Hal inilah yang menyebabkan menurut metode ini agama batal, sebab agama tidak
mempunyai landasan ilmiah.
Sebenarnya sebagian ilmu modern juga batal, sebab juga
tidak mempunyai landasan ilmiah. Metode baru tidak mengingkari wujud sesuatu,
walaupun belum diuji secara empiris. Di samping itu metode ini juga tidak
menolak analogi antara sesuatu yang tidak terlihat dengan sesuatu yang telah
diamati secara empiris.
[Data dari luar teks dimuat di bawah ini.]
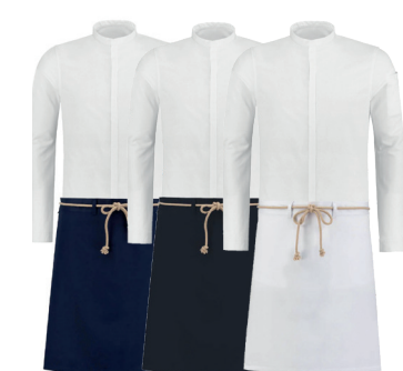
Spanish Short 401181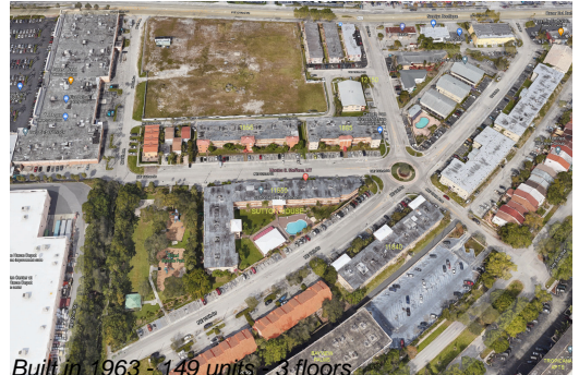
Built in 1963 - 149 units - 3 floors

Hal ini disebut dengan “analogi ilmiah” dan dianggap
sama dengan percobaan empiris.
Suatu percobaan dipandang sebagai kenyataan ilmiah, tidak
hanya karena percobaan itu dapat diamati secara langsung. Demikian pula suatu
analogi tidak dapat dianggap salah, hanya karena dia analogi. Kemungkinan benar
dan salah dari keduanya berada pada tingkat yang sama.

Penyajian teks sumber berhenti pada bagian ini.